The All Blacks sit atop the Rugby Championship standings after a 28-9 bonus point win against the Pumas in Napier. In wet conditions, New Zealand had a little too much class and precision to set themselves up nicely for the Boks next week.
The match was engrossing throughout. After trading penalties, a beautiful Conrad Smith grubber set Julian Savea up for the first of his two tries in the 26th minute. This followed up a grubber earlier in the same movement, brilliantly regathered by Brodie Retallick.
At the other end, the Argentinians followed a pretty familiar pattern for those who stayed up to watch their games against South Africa: set piece excellence interspersed with some great offloading play through the forwards. There is serious quality in this team and they look to use the ball much more than previous Puma vintages, even in the conditions. A dry track on the Gold Coast next week would suit them.

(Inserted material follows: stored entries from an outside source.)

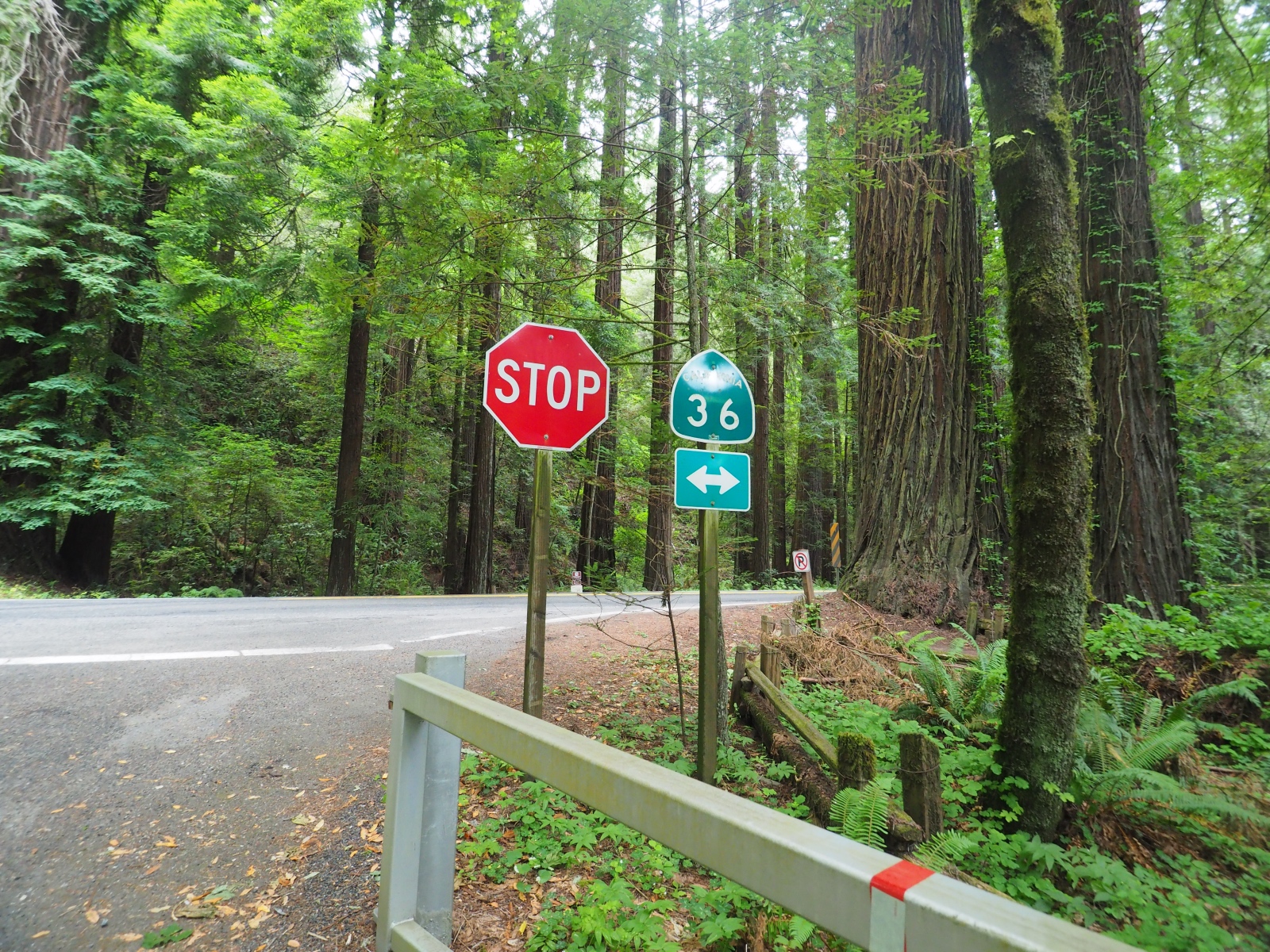 キャンプ地のGrizzly Creek Redwoods state park。かなり辺鄙なところにあるせいかあまり情報がないのだが、数少ないレビューを見るとhighwayの真横で鬱陶しいという文句が結構多い。実際真横で、日中は結構車も通るんだけど、寝てる間はほとんど気にならなかった。キャンプサイトは十分に独立しているし、トイレは水洗できれい、シャワーもあり、ということで、悪くはないと思う。個人的にちょっと残念だったのは滞在した2晩とも完全にガスになっていて星が見えなかったこと。101まで出ていくと結構快晴だったりするので、何か局所的に雲の出やすい気候なのかも。
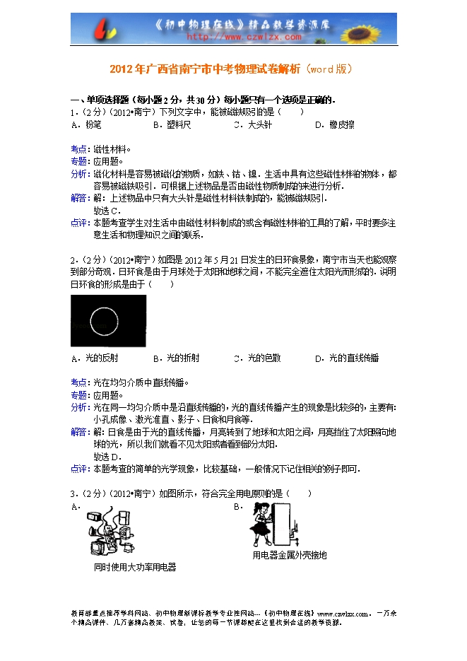 2.(2分)(2012•南宁)如图是2012年5月21日发生的日环食景象,南宁市当天也能观察到部分奇观.日环食是由于月球处于太阳和地球之间,不能完全遮住太阳光而形成的.说明日环食的形成是由于( )
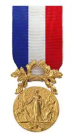- Ruban : C'est un ruban tricolore bleu, blanc et rouge de 30 mm dont les bandes sont verticales et égales de 10 mm, avec une rosette tricolore de 20 mm sur la médaille d’or.
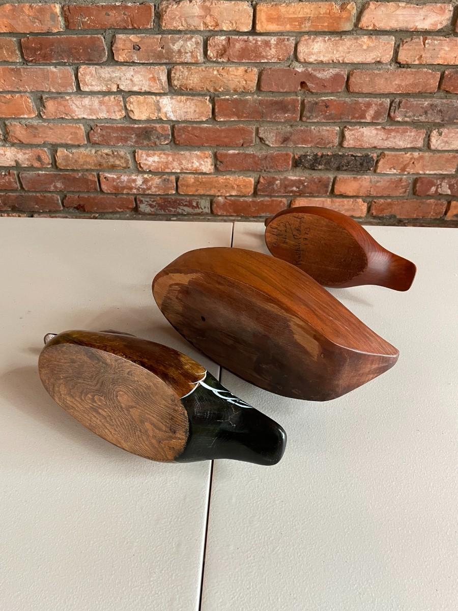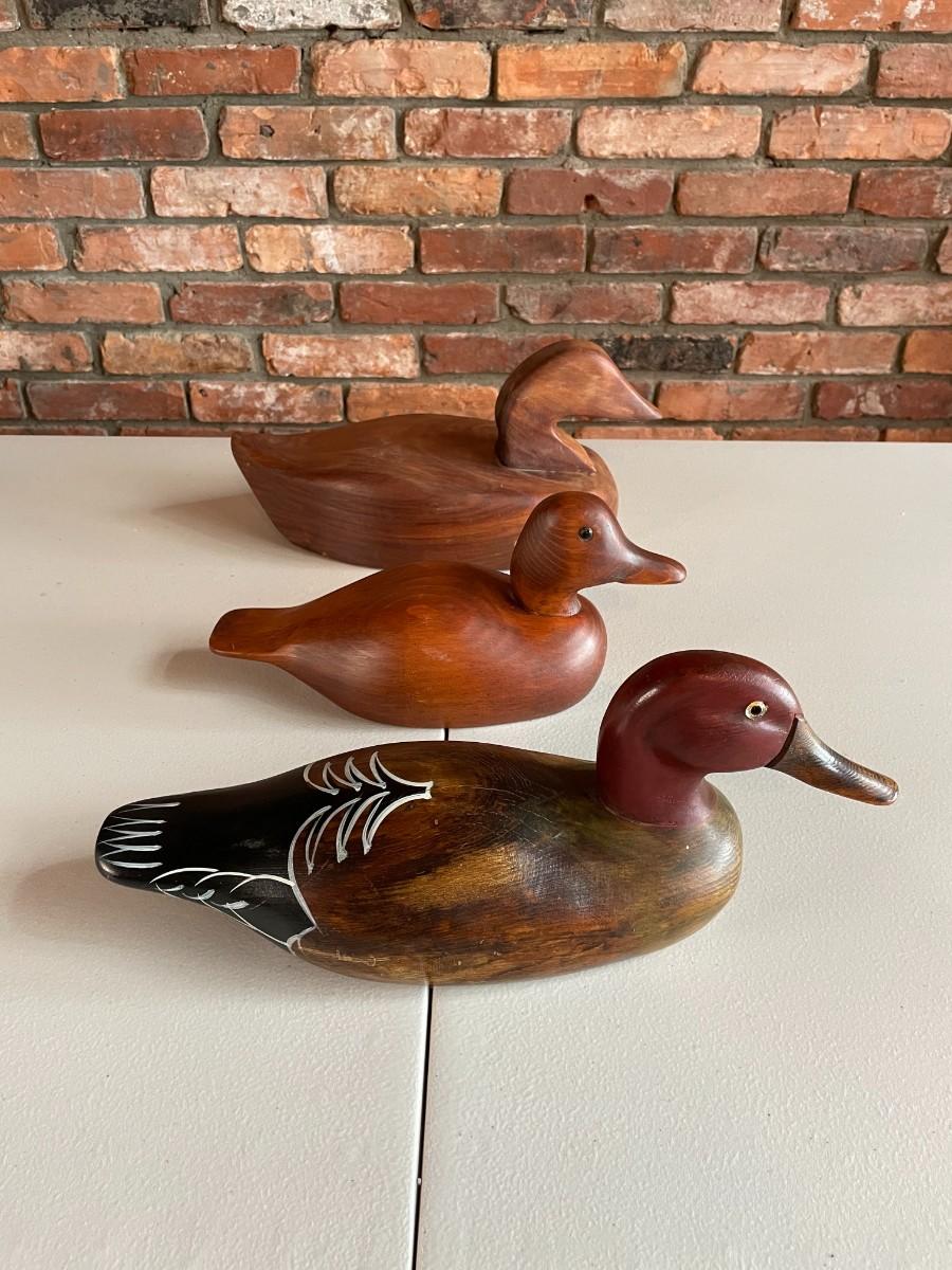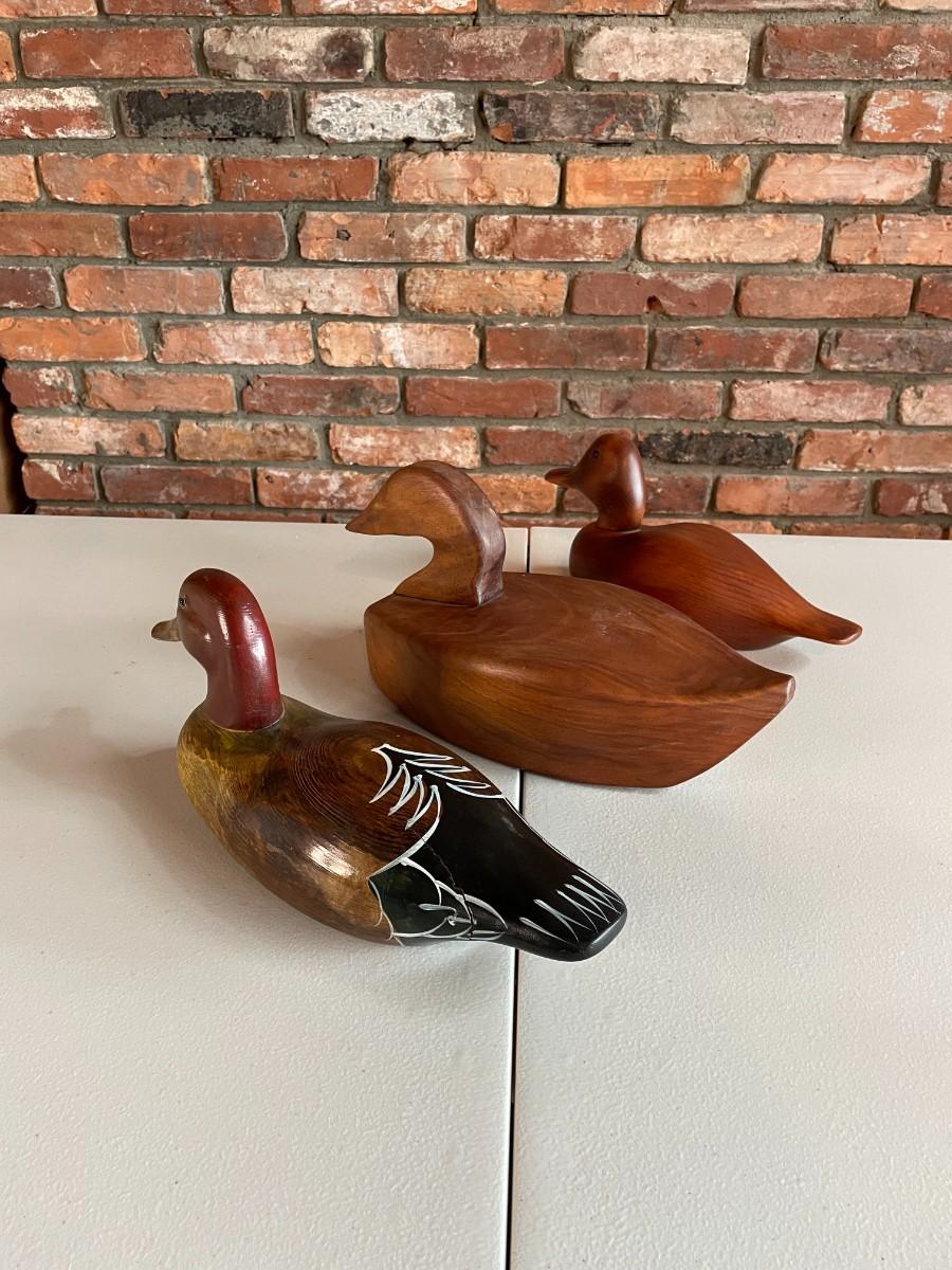 3 wooden carved ducks are available in this lot. Largest: 13 L x 6w x 6H

The turning point came right on half-time. With the score at 8-6 to the All Blacks, the Pumas took a lineout, mauled well, and set up a drop goal, which missed to the left. The play then went up the other end and everyone was thinking about Oranges. But the Pumas somehow lost a scrum ball on their own feed, Beauden Barrett stepped straight inside his opposite number, and then found Liam Messam backing up on the inside for a great try, a real heartbreaker for the Argentines.
Straight after the break, the ABs scored from a scrum set move. Barrett popped a no look ball off his outside shoulder straight onto Savea’s chest. The big fella cruised into the gap and, though 20 metres out, was never going to be stopped. There was something very Cooper-Ioane 2011 about it. When is Henry Speight eligible again?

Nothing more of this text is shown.